(Dataset excerpts)
+--

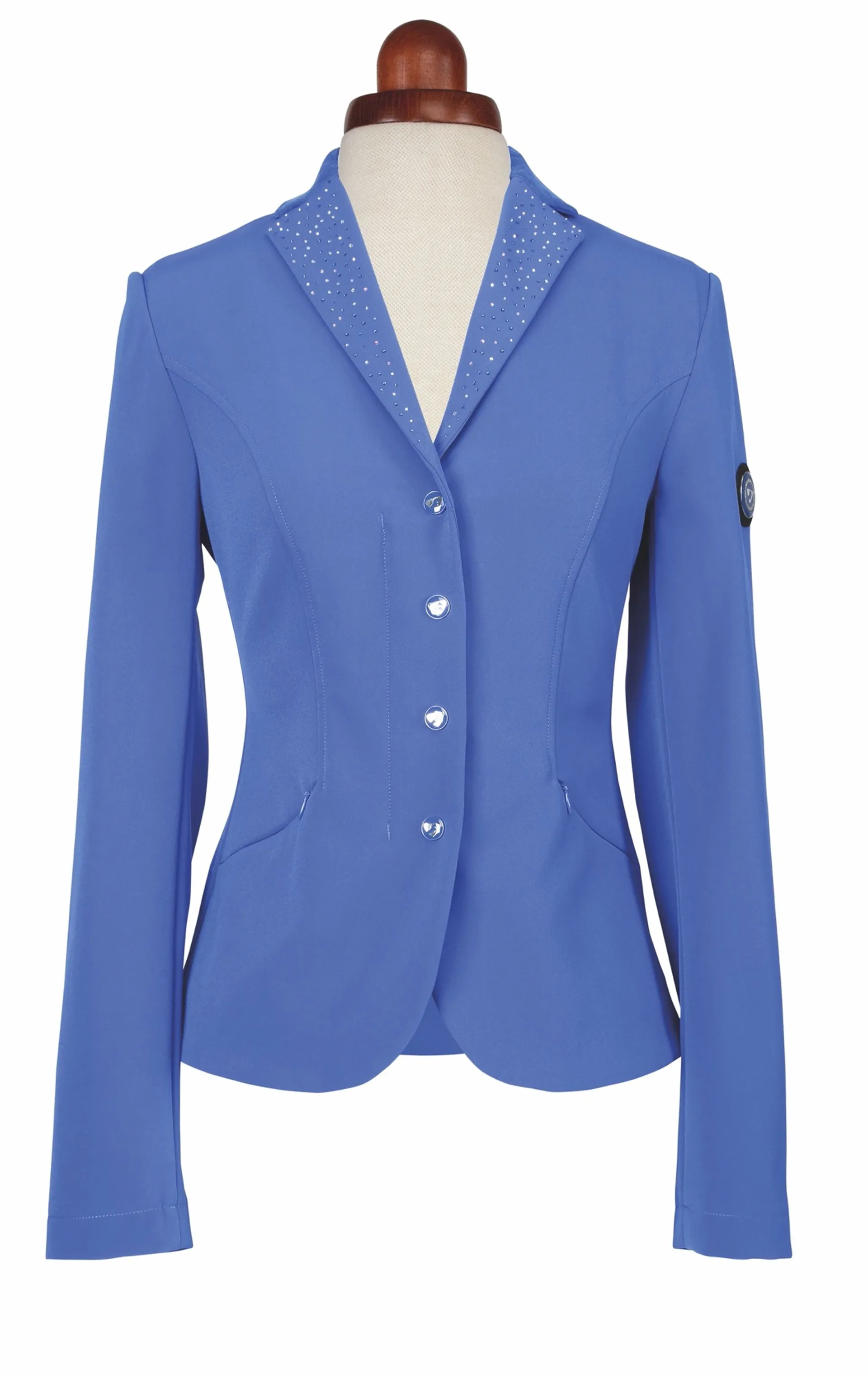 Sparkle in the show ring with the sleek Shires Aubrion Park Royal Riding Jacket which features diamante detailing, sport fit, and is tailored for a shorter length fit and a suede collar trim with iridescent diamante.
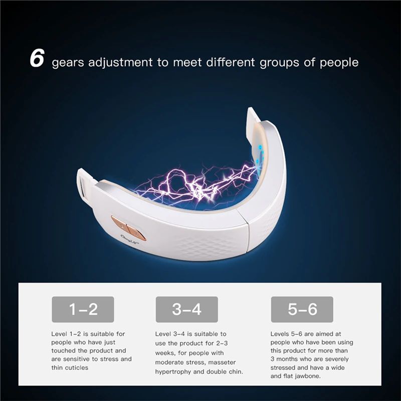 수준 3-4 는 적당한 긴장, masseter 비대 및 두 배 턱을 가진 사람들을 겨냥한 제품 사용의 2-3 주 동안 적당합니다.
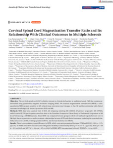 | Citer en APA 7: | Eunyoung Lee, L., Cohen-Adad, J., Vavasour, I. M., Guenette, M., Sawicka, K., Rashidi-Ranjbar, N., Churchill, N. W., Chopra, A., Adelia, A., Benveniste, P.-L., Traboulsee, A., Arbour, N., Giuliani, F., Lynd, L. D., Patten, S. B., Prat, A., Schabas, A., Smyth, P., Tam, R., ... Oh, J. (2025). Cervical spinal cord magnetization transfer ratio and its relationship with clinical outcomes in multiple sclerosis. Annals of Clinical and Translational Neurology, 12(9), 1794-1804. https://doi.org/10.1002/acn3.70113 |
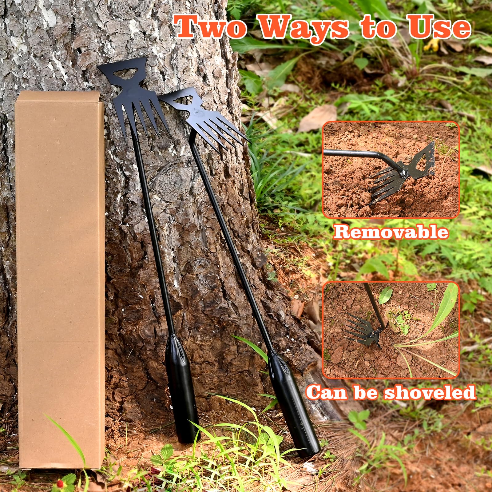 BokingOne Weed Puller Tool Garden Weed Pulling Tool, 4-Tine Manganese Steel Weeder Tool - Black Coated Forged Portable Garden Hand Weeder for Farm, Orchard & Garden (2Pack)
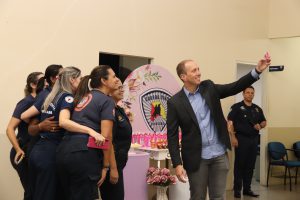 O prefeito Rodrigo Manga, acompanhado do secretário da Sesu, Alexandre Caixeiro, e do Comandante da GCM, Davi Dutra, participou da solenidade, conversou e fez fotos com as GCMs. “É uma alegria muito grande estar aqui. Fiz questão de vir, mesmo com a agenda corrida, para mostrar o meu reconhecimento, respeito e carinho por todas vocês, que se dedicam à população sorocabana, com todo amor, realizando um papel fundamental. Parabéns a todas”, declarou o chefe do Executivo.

+--

Your instructions:
Each entry above must come back exactly as written. Drop the images.

Answer to this task:
 Sparkle in the show ring with the sleek Shires Aubrion Park Royal Riding Jacket which features diamante detailing, sport fit, and is tailored for a shorter length fit and a suede collar trim with iridescent diamante.
 수준 3-4 는 적당한 긴장, masseter 비대 및 두 배 턱을 가진 사람들을 겨냥한 제품 사용의 2-3 주 동안 적당합니다.
 | Citer en APA 7: | Eunyoung Lee, L., Cohen-Adad, J., Vavasour, I. M., Guenette, M., Sawicka, K., Rashidi-Ranjbar, N., Churchill, N. W., Chopra, A., Adelia, A., Benveniste, P.-L., Traboulsee, A., Arbour, N., Giuliani, F., Lynd, L. D., Patten, S. B., Prat, A., Schabas, A., Smyth, P., Tam, R., ... Oh, J. (2025). Cervical spinal cord magnetization transfer ratio and its relationship with clinical outcomes in multiple sclerosis. Annals of Clinical and Translational Neurology, 12(9), 1794-1804. https://doi.org/10.1002/acn3.70113 |
 BokingOne Weed Puller Tool Garden Weed Pulling Tool, 4-Tine Manganese Steel Weeder Tool - Black Coated Forged Portable Garden Hand Weeder for Farm, Orchard & Garden (2Pack)
 O prefeito Rodrigo Manga, acompanhado do secretário da Sesu, Alexandre Caixeiro, e do Comandante da GCM, Davi Dutra, participou da solenidade, conversou e fez fotos com as GCMs. “É uma alegria muito grande estar aqui. Fiz questão de vir, mesmo com a agenda corrida, para mostrar o meu reconhecimento, respeito e carinho por todas vocês, que se dedicam à população sorocabana, com todo amor, realizando um papel fundamental. Parabéns a todas”, declarou o chefe do Executivo.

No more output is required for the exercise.